* **ASSIGNMENT**
Find "2015年6月27日,教育部" and "ライフラインは常に体重がかか" in the records below. Copy the lines holding them and every line between, exactly, and no others.

─── TASK INPUT ───

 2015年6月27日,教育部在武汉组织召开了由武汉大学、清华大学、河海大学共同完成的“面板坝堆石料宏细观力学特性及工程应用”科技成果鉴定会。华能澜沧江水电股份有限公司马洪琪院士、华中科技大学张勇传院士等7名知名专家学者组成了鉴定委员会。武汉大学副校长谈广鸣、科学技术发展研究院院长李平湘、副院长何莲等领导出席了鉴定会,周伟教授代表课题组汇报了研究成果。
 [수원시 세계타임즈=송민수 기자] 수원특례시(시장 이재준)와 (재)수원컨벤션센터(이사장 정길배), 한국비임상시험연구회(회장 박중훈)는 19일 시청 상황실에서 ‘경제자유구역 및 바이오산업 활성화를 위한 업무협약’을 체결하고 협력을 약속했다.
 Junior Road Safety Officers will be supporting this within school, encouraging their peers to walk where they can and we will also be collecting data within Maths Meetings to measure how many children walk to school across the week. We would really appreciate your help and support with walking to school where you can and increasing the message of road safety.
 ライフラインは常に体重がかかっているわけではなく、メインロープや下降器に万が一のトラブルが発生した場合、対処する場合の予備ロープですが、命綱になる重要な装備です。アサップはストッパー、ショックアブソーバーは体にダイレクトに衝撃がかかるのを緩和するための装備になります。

───
─── TASK INPUT ───

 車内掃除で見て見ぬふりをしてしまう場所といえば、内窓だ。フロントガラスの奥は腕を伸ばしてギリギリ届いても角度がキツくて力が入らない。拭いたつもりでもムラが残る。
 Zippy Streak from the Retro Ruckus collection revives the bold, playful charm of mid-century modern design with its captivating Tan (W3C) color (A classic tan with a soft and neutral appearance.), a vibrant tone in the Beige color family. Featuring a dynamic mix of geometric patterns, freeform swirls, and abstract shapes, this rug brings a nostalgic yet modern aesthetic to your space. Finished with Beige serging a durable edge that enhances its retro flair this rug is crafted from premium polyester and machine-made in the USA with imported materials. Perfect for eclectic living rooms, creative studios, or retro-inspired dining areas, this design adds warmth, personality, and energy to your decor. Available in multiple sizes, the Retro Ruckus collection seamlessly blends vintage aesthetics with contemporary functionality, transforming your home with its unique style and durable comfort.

───

* **SOLUTION**
 2015年6月27日,教育部在武汉组织召开了由武汉大学、清华大学、河海大学共同完成的“面板坝堆石料宏细观力学特性及工程应用”科技成果鉴定会。华能澜沧江水电股份有限公司马洪琪院士、华中科技大学张勇传院士等7名知名专家学者组成了鉴定委员会。武汉大学副校长谈广鸣、科学技术发展研究院院长李平湘、副院长何莲等领导出席了鉴定会,周伟教授代表课题组汇报了研究成果。
 [수원시 세계타임즈=송민수 기자] 수원특례시(시장 이재준)와 (재)수원컨벤션센터(이사장 정길배), 한국비임상시험연구회(회장 박중훈)는 19일 시청 상황실에서 ‘경제자유구역 및 바이오산업 활성화를 위한 업무협약’을 체결하고 협력을 약속했다.
 Junior Road Safety Officers will be supporting this within school, encouraging their peers to walk where they can and we will also be collecting data within Maths Meetings to measure how many children walk to school across the week. We would really appreciate your help and support with walking to school where you can and increasing the message of road safety.
 ライフラインは常に体重がかかっているわけではなく、メインロープや下降器に万が一のトラブルが発生した場合、対処する場合の予備ロープですが、命綱になる重要な装備です。アサップはストッパー、ショックアブソーバーは体にダイレクトに衝撃がかかるのを緩和するための装備になります。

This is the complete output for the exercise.